--- Task to complete ---
Your copy of the data should match it exactly, except that the pictures are gone.

--- Dataset section ---
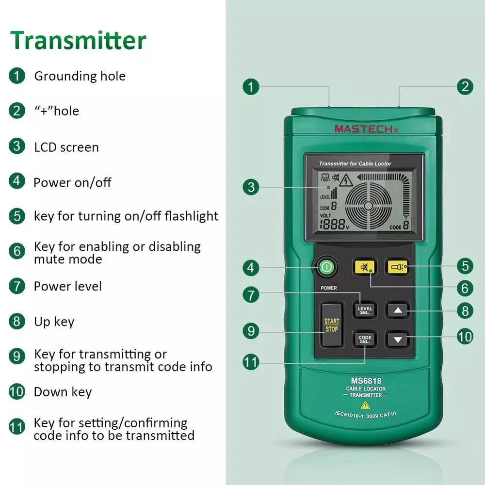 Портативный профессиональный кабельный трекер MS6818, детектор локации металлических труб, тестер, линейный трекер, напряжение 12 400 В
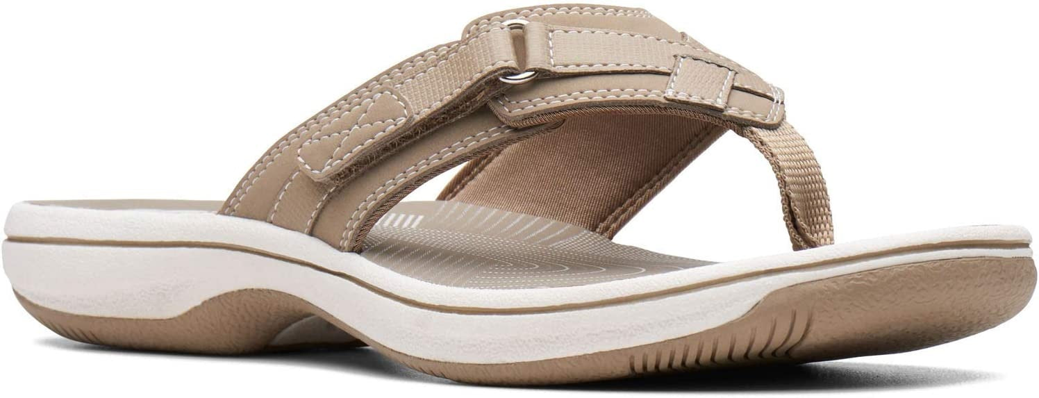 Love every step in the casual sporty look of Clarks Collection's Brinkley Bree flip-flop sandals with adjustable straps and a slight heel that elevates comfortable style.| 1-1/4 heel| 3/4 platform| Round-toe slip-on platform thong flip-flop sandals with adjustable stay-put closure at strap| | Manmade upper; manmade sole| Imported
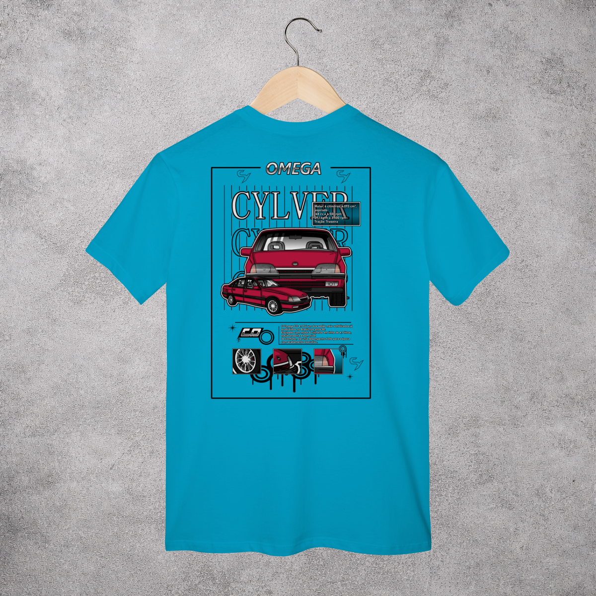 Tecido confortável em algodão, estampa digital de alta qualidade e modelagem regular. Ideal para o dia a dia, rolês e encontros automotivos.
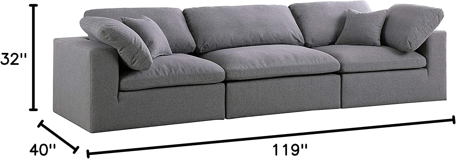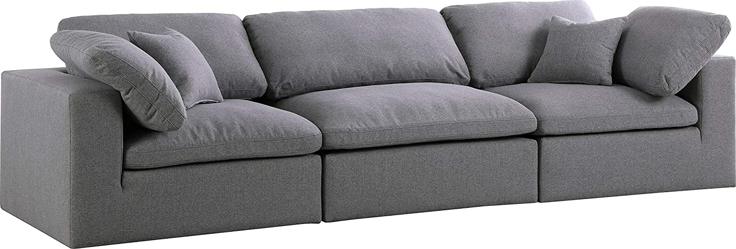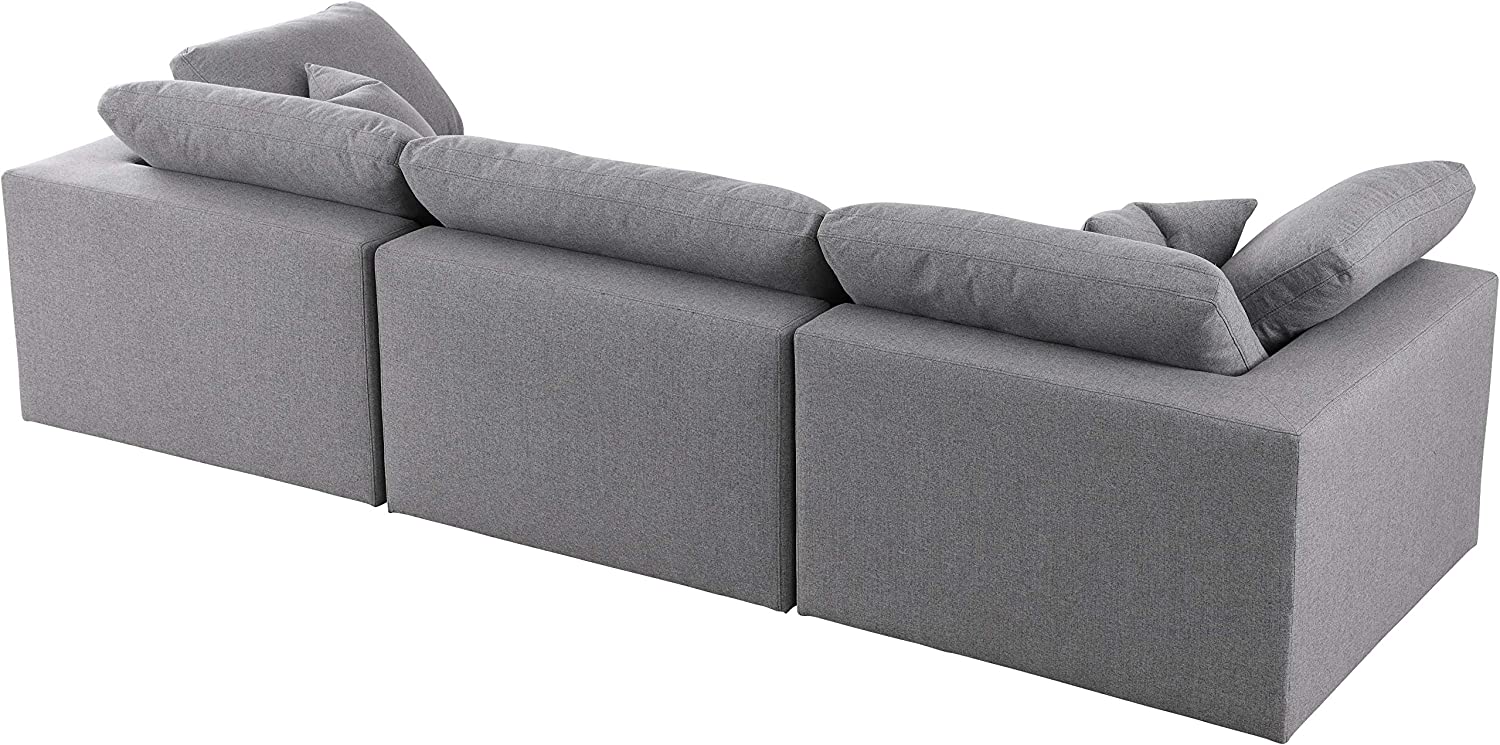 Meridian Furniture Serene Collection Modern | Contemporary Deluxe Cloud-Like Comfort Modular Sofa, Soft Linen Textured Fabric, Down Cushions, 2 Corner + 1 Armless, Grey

--- Result below ---
 Портативный профессиональный кабельный трекер MS6818, детектор локации металлических труб, тестер, линейный трекер, напряжение 12 400 В
 Love every step in the casual sporty look of Clarks Collection's Brinkley Bree flip-flop sandals with adjustable straps and a slight heel that elevates comfortable style.| 1-1/4 heel| 3/4 platform| Round-toe slip-on platform thong flip-flop sandals with adjustable stay-put closure at strap| | Manmade upper; manmade sole| Imported
 Tecido confortável em algodão, estampa digital de alta qualidade e modelagem regular. Ideal para o dia a dia, rolês e encontros automotivos.
 Meridian Furniture Serene Collection Modern | Contemporary Deluxe Cloud-Like Comfort Modular Sofa, Soft Linen Textured Fabric, Down Cushions, 2 Corner + 1 Armless, Grey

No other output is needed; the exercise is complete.